Aqui tudo é grátis: cada chão novo, cada intervalo e quantas tentativas a turma quiser. O plano Professor acrescenta a folha impressa, com o chão antes e depois exatamente como a turma acabou de ver, e linhas pautadas para as sentenças matemáticas que ela escreveu.

Como usar em sala de aula

  • Distribua um chão e contem juntos em voz alta. Nada é cronometrado: contar pode levar o tempo que precisar.
  • Comece o intervalo. Peça que a turma olhe para o chão: é a única coisa que fica, e ele mostra só uma coisa — entrou alguma coisa, ou saiu alguma coisa.
  • Quando acabar, contem de novo e escreva os dois números à vista de todos. Aí vem a pergunta de verdade: quantas, enquanto ninguém via?
  • Pegue a ideia de uma criança e toque nesse número. A ferramenta parte da primeira contagem e chega aonde essa ideia leva. Se chegar a outro lugar do que a turma contou, não é erro e sim informação — pergunte o que ela diz a vocês.

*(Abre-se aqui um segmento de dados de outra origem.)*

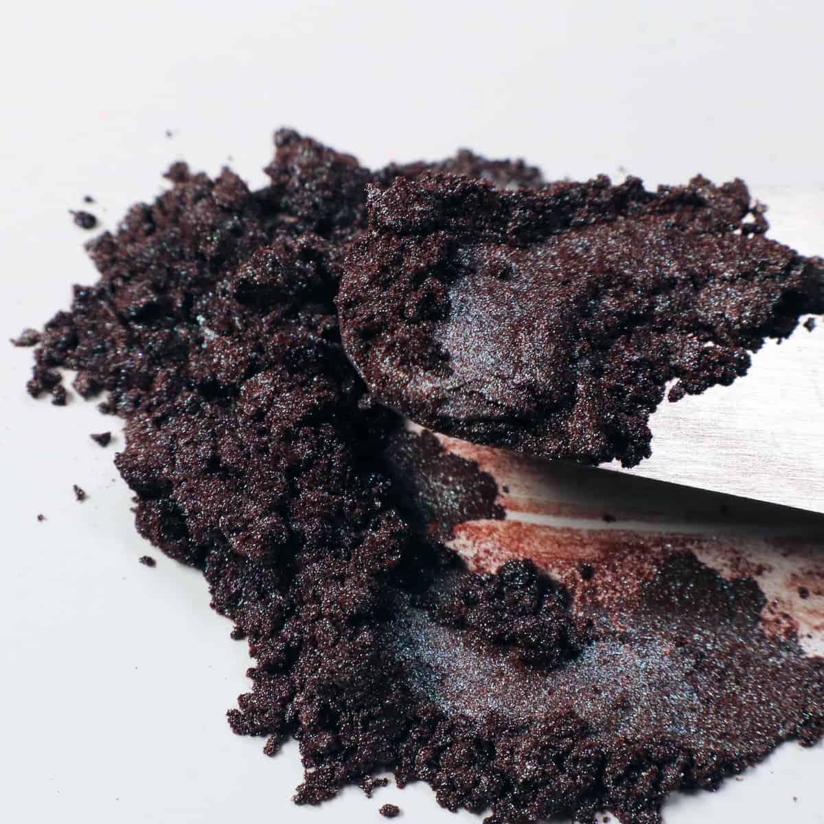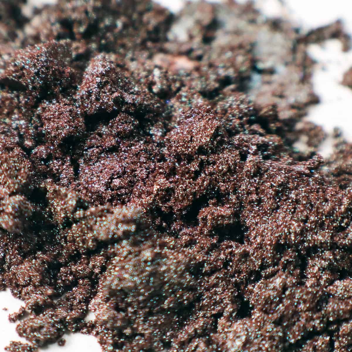 Beaming Brown is a very varied brown glitter with many green metallic shimmering particles. When compacted the green metallic particles begin to outweigh the brown hues with a neon green metallic glow. Thick non-compacted applications allow for plenty of dark to light brown hues with a strong green shimmering particle presence. Thin applications allows the brown hues to be visible with a bright metallic effect with the green being less noticeable.
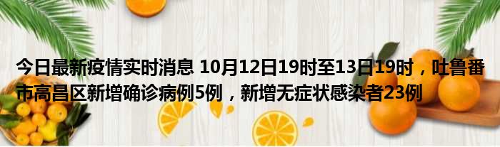 今日最新疫情实时消息 10月12日19时至13日19时,吐鲁番市高昌区新增确诊病例5例,新增无症状感染者23例
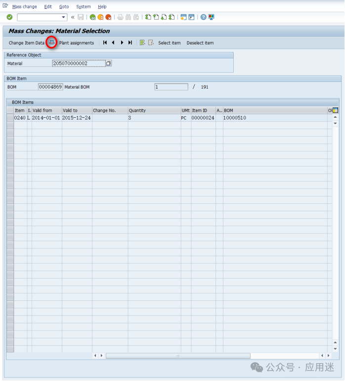 如果顯示下圖界面,就需要點(diǎn)擊上面的帽子圖標(biāo),然后全選BOM,點(diǎn)擊Change Item Data。為什么會(huì)顯示下圖界面,而不是顯示所有查找到的BOM?歡迎屏幕前的你留言討論。
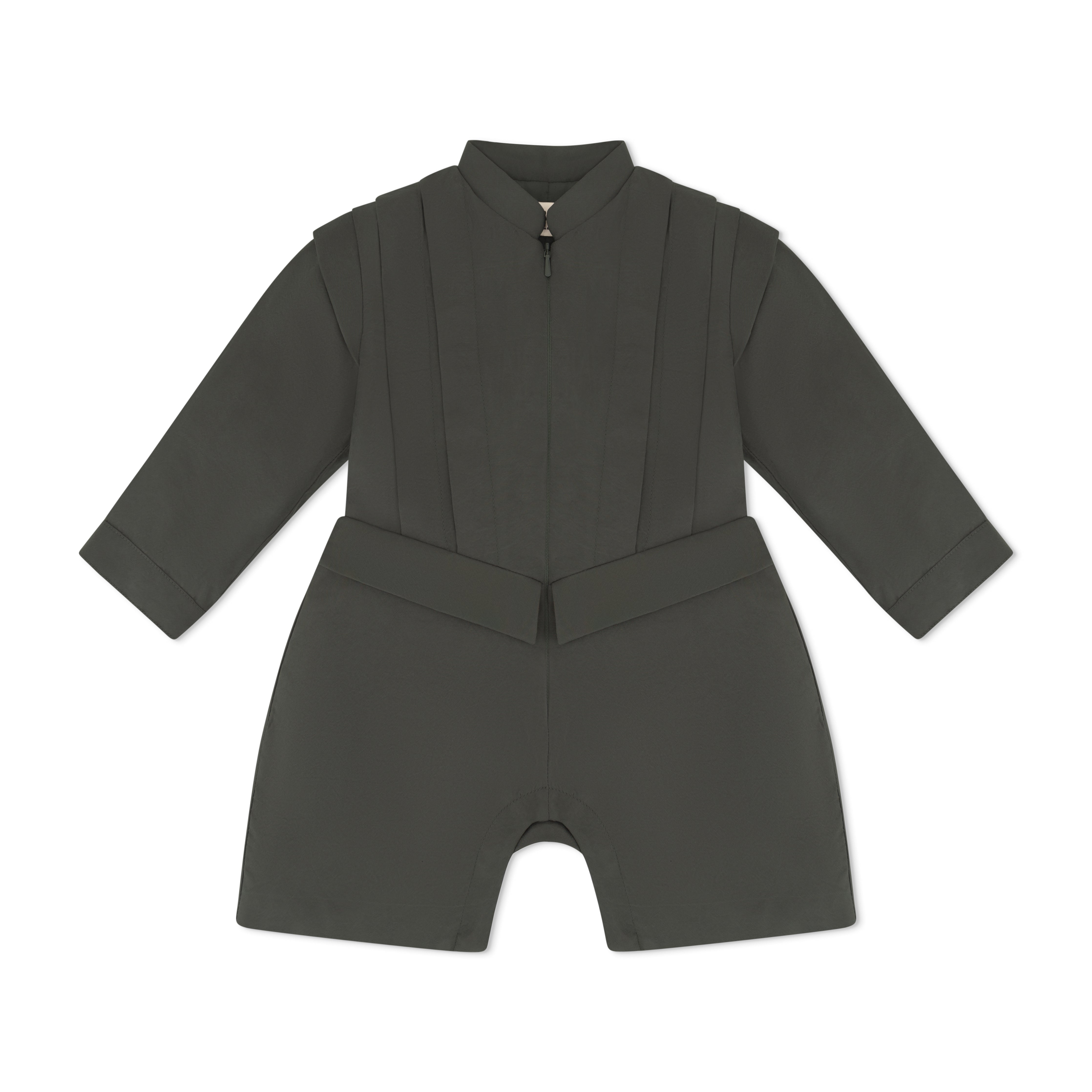 Introduce your little one to refined style with this pleated blazer cut jumpsuit from the Ivory Ash collection. In a stylish grey hue, this baby boys' jumpsuit combines the elegance of a blazer with the practicality of a jumpsuit, perfect for special occasions or dressy everyday wear.
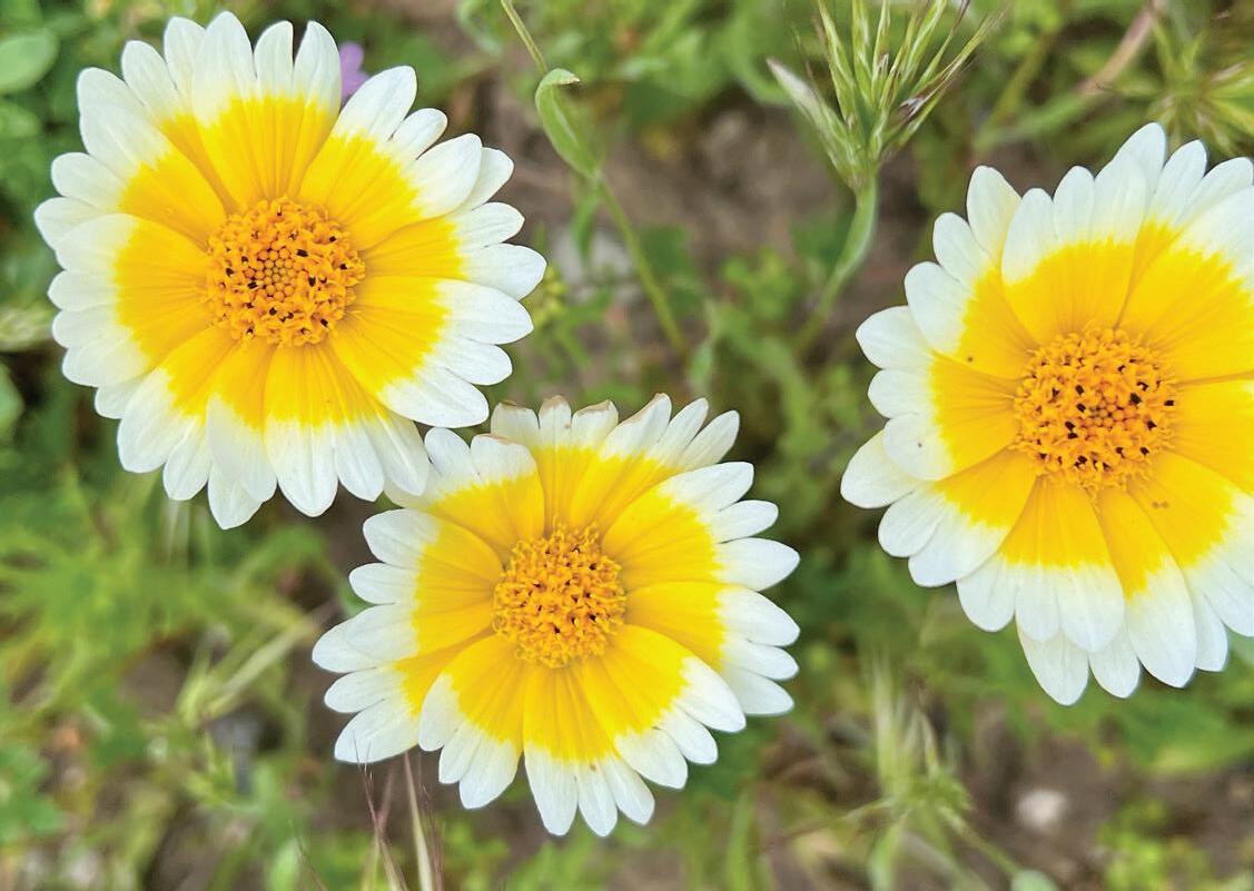 destination, Saddleback Butte State Park. I had the park to myself and hiked up to the ridge to see the snow-covered San Bernardino Mountains and across Antelope Valley. I was in the high desert here, but the wildflowers were just as abundant. It was hard to walk more than 20 feet without finding a new species. I was greeted by California evening primrose, woolly daisy, Davy gilia, coreopsis, and goldfields.
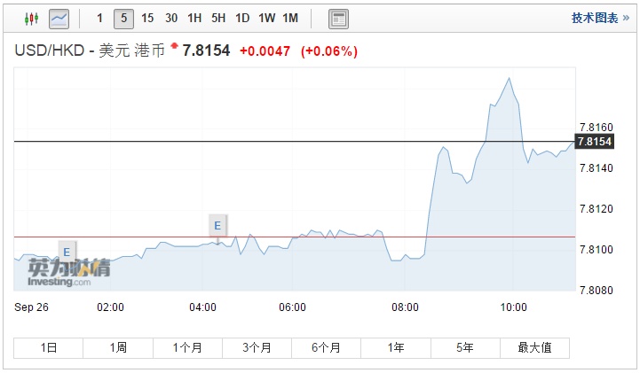 智通财经APP获悉,港汇继续大幅波动,继上周五大升500点子,一度穿7.8大关后,中秋假期过后,港汇今早跌幅逾0.1%,创去年12月以来最大跌幅,现在跌幅有所收窄,截至北京时间11点14分,港元跌0.06%,报7.8154。
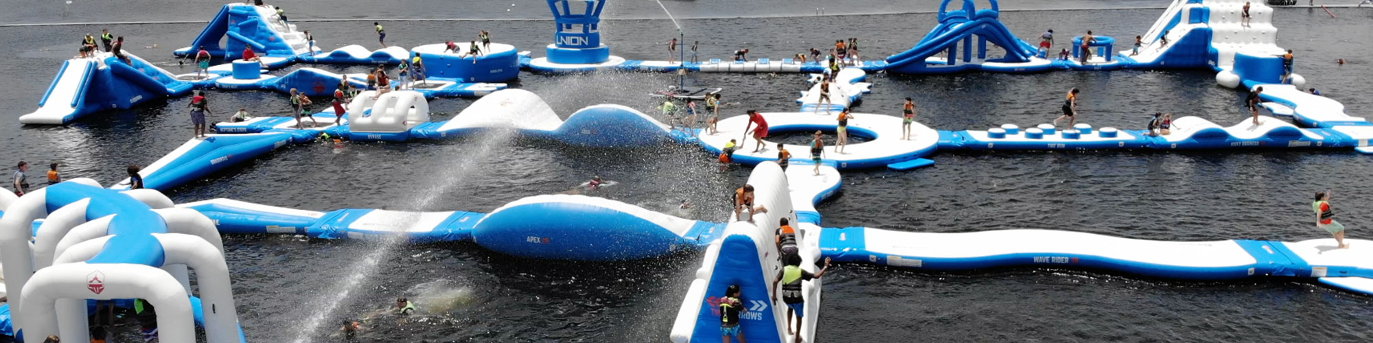 Durch das modulare System können Sie einen Parcours beliebig groß und herausfordernd gestalten. Inflatables sind leicht aneinander zu befestigen. Je nach Größe des Parcours bietet er 13 bis 250 Personen gleichzeitig eine unvergessliche Zeit auf dem Wasser.

Ideias para a sala de aula

  • Dois minutos por dia: um chão, um intervalo e uma conta na lousa. A conta é o objetivo; contar é o caminho.
  • Recolha três ideias diferentes e escreva todas antes de tocar em qualquer coisa. Depois represente uma por uma e deixe a turma ver aonde cada uma chega.
  • Use a mesma contagem inicial duas vezes: uma com algo entrando e outra com algo saindo. A única diferença é o pulso, e vale perguntar o que a turma viu de fato.